> [Problem to solve]: In the records below, find the line with "L'événement estival avec", then copy each line exactly until you have copied the line with "1 POINT D'ACCROCHAGE". Leave any picture out.

BEGIN Extracted material

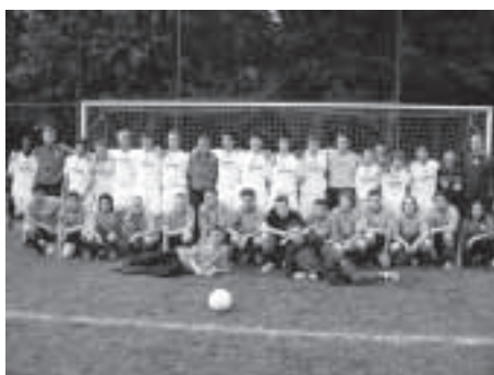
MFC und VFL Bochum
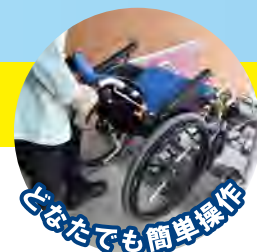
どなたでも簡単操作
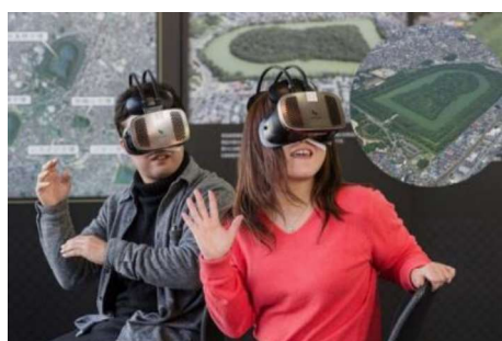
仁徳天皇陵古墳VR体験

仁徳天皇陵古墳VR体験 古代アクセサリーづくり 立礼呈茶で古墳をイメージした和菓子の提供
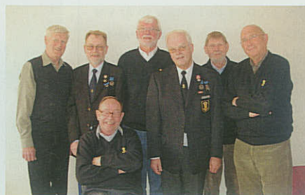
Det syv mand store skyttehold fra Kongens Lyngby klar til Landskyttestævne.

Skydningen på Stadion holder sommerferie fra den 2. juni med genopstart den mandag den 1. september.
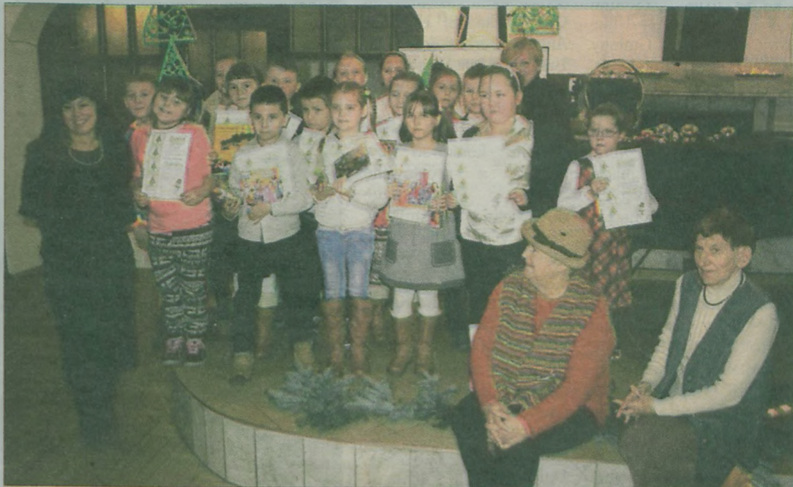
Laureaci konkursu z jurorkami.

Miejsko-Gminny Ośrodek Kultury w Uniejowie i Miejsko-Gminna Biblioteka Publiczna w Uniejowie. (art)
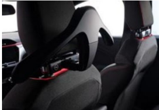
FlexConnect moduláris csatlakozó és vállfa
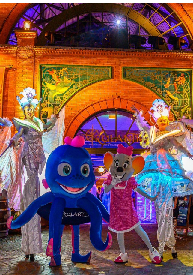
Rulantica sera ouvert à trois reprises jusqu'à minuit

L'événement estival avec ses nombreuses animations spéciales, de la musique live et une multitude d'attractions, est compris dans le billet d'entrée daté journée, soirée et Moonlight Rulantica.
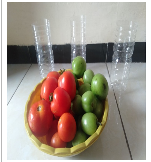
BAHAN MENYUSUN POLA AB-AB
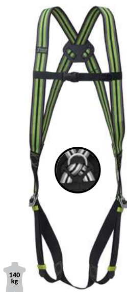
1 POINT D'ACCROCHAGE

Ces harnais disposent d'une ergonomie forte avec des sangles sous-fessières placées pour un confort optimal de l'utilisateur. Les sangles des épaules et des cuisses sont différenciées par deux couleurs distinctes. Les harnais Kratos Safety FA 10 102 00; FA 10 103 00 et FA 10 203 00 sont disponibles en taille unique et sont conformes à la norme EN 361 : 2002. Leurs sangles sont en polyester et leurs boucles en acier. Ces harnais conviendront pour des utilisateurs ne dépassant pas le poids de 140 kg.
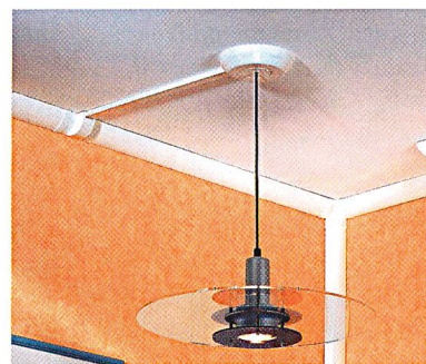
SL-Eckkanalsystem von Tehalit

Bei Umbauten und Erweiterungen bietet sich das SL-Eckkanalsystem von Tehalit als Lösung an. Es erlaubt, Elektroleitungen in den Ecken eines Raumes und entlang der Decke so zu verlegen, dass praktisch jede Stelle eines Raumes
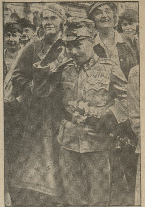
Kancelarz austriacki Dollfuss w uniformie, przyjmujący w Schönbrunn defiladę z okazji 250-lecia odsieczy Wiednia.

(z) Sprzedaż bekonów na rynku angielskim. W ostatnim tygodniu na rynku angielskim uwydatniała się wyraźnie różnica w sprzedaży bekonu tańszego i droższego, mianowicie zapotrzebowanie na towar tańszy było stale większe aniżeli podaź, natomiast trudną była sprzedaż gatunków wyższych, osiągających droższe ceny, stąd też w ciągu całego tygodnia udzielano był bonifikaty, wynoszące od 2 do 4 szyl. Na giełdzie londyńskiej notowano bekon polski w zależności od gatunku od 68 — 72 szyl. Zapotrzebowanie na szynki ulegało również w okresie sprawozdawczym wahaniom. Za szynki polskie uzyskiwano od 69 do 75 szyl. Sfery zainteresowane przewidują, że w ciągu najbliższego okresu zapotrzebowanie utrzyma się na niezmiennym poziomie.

END Extracted material

> [Solution]:
L'événement estival avec ses nombreuses animations spéciales, de la musique live et une multitude d'attractions, est compris dans le billet d'entrée daté journée, soirée et Moonlight Rulantica.
BAHAN MENYUSUN POLA AB-AB
1 POINT D'ACCROCHAGE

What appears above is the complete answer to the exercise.